You mean cousin sharing, right? Presumably the direct siblings can still share styles with each other.

> Another thing that is going on is that any time we have a "parent" miss we
> clear the cache.  I don't really see how we can end up with any cousin
> sharing as a result...

Because the 'parent' check will also succeed if the parents shared styles, right? Or is the problem that this only allows sharing between directly adjacent cousins? I guess that makes sense, and we should try to get wider sharing. In that case, we should probably change to tagging the cache at given DOM depth, and clearing it when the depth changes (we know this already in the PerLevelTraversalData).

> 
> If I do the following:
> 
> 1)  Bump the cache size to 50
> 2)  Disable the "clear on parent failure" bit, and also disable the "stop
> trying on parent mismatch" bit.
> 3)  Manually disable the "don't share if the ids are different" bit.
> 
> then I end up with 14k ComputedValues instead of 22k.  Given that 9200 or so
> are for pseudos, that's a pretty decent drop.  Note that I haven't measured
> the performance impact of doing so many more revalidations.
> 
> If I leave the cache size at 8 but make the other two changes (note that
> this is not going to let us effective share across the many identical-ish
> 12-element subtrees in the footnotes), then we get 19k ComputedValues
> instead of 14k....

Would be good to know the spectrum of the cache size tradeoff. What do 16 and 32 look like?
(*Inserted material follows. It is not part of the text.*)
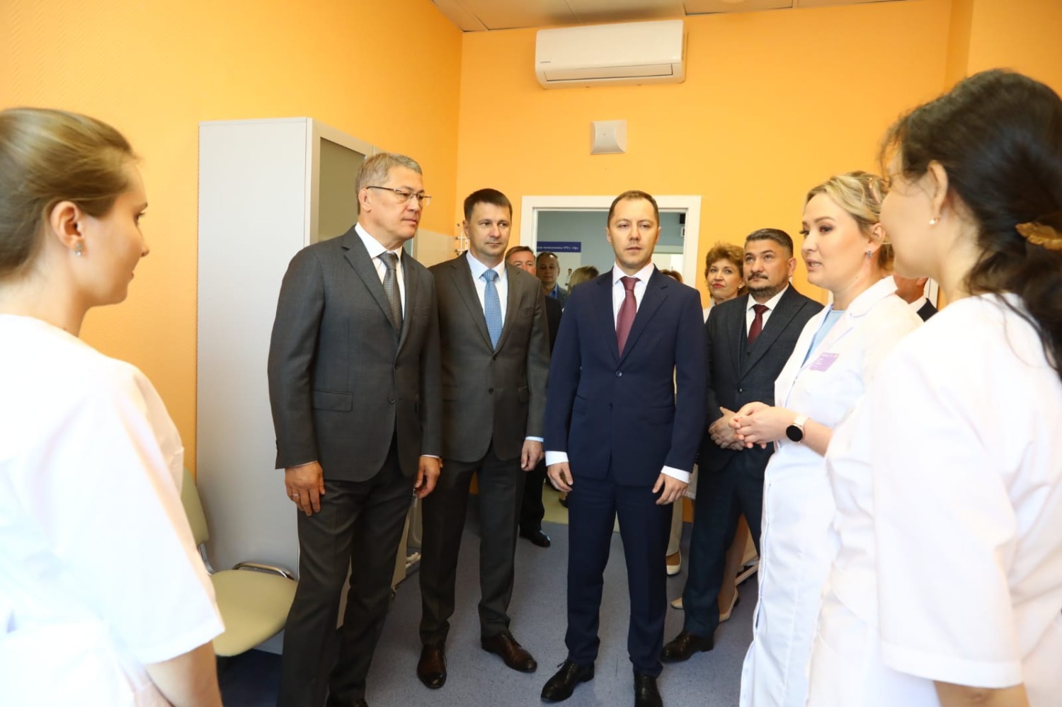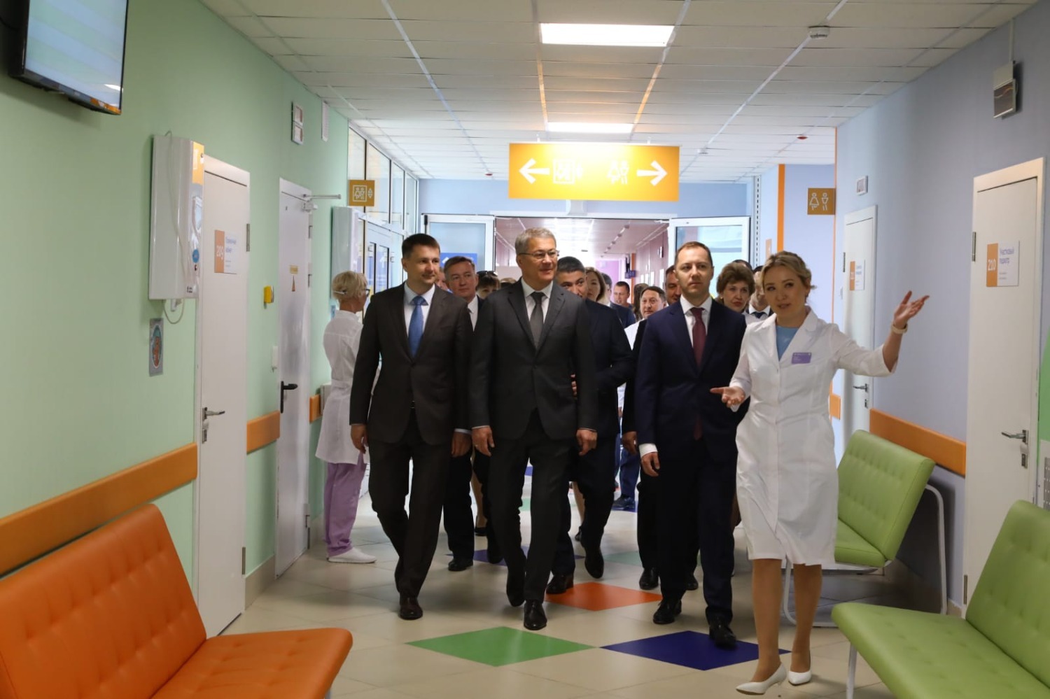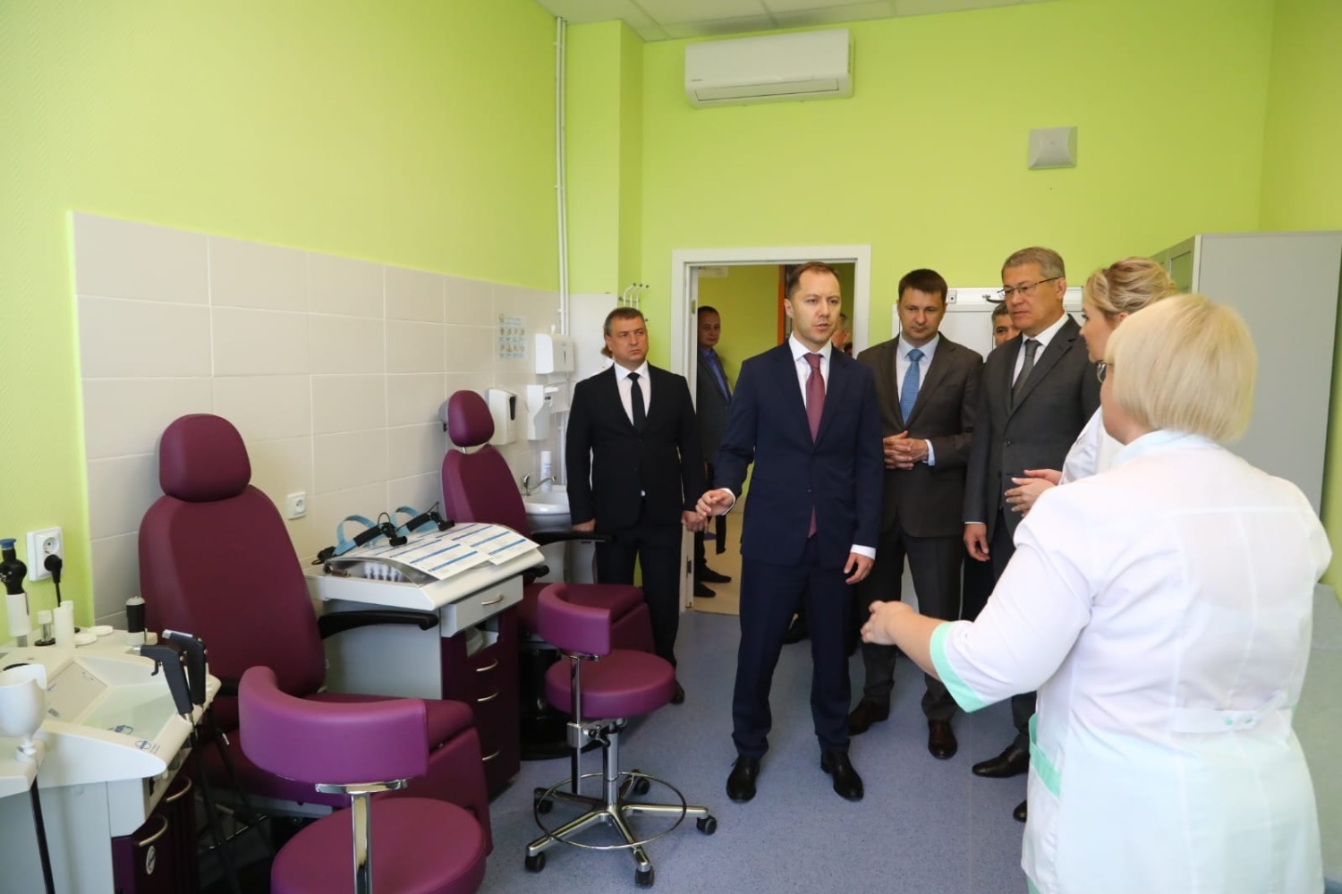 Радий Хабиров ознакомился с работой регистратуры, кабинета участкового терапевта, процедурного и стоматологического кабинета, осмотрел операционную, кабинеты УЗИ, функциональной диагностики, гастроскопии.

Note that it would also be interesting to measure parallel vs sequential. With parallel the style sharing is going to be less exact, which could hurt us with cousin sharing, or maybe it wouldn't be that bad, especially with work stealing locality. Worth measuring.

Finally, I'd be very interested in the impact on performance in addition to memory. The revalidation selectors mean it isn't a guaranteed win, but my intuition is that it's probably worth it to have a bigger cache and share more.
(In reply to Bobby Holley (:bholley) (busy with Stylo) from comment #9)
> This is really excellent analysis - thank you for looking into it!
> 
> (In reply to Boris Zbarsky [:bz] (work week until 5/26) (if a patch has no
> decent message, automatic r-) from comment #7)
> > I tried poking at this a bit more.
> > 
> > One thing going on with this page is we have 1189 elements with an id. 
> > Specifically, there are are two elements with ids for every footnote (the
> > footnote itself, and the link to it), and almost 500 footnotes.  These ids
> > are used for linking, not styling, but we ban all these elements from
> > sharing styles anyway.
> 
> Hm, interesting. Here's an idea - how about we allow style sharing for
> elements _if_ the id rulehash has no entries for that id? That should be
> quick to check, and would likely make a difference here.
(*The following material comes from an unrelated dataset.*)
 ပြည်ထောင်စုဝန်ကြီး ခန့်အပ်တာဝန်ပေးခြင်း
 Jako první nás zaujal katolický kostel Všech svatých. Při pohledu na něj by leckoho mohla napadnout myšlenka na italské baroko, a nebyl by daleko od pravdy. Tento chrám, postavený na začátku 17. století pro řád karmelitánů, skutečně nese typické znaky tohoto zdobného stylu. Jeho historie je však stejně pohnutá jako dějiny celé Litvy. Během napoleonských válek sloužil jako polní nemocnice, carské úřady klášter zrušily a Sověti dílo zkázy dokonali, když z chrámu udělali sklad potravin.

Note that in particular, this preserves the property described at [1]. If we stopped preserving that property, we would need more complexity to deal with that.
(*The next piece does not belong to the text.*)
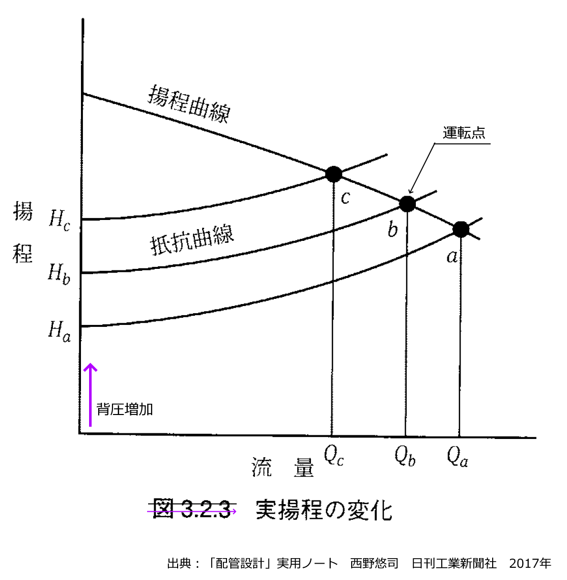 図 背圧の変化による実揚程の変化 出典:「配管設計」実用ノート 西野悠司 日刊工業新聞社 2017年

[1] http://searchfox.org/mozilla-central/rev/a14524a72de6f4ff738a5e784970f0730cea03d8/servo/components/style/stylist.rs#1006
> Here's an idea - how about we allow style sharing for elements _if_ the id rulehash has no entries for that id?

That seems plausible.  I'll try it out.

> You mean cousin sharing, right? Presumably the direct siblings can still share styles with each other.

In theory, sure.  In practice, on this testcase, each footnote looks like this in the markup:

  <li id="cite_note-467">
    <span class="mw-cite-backlink">
      <b>
        <a href="#cite_ref-467">
          <span class="cite-accessibility-label">Jump up </span>^
        </a>
      </b>
    </span>
    <span class="reference-text">
      <cite class="citation web">author-and-date 
        <a rel="nofollow" class="external text" href="whatever">article-title</a>. 
        <i>source</i>.
      </cite>
      <span title="stuff" class="Z3988">
        <span style="display:none;">&nbsp;</span>
      </span>
    </span>
  </li>

and if you look at that you will see that there are only two siblings that have the same localname (the two toplevel spans inside the li) and they have different classes.  So there is no sibling sharing happening here; it all needs to be cousin sharing.

> Because the 'parent' check will also succeed if the parents shared styles, right?

The point is that if there is anything in the cache that has a non-matching parent before a thing that has a matching parent, we will completely clear the cache.  Ok, so "any cousin sharing" was a bit strong, but...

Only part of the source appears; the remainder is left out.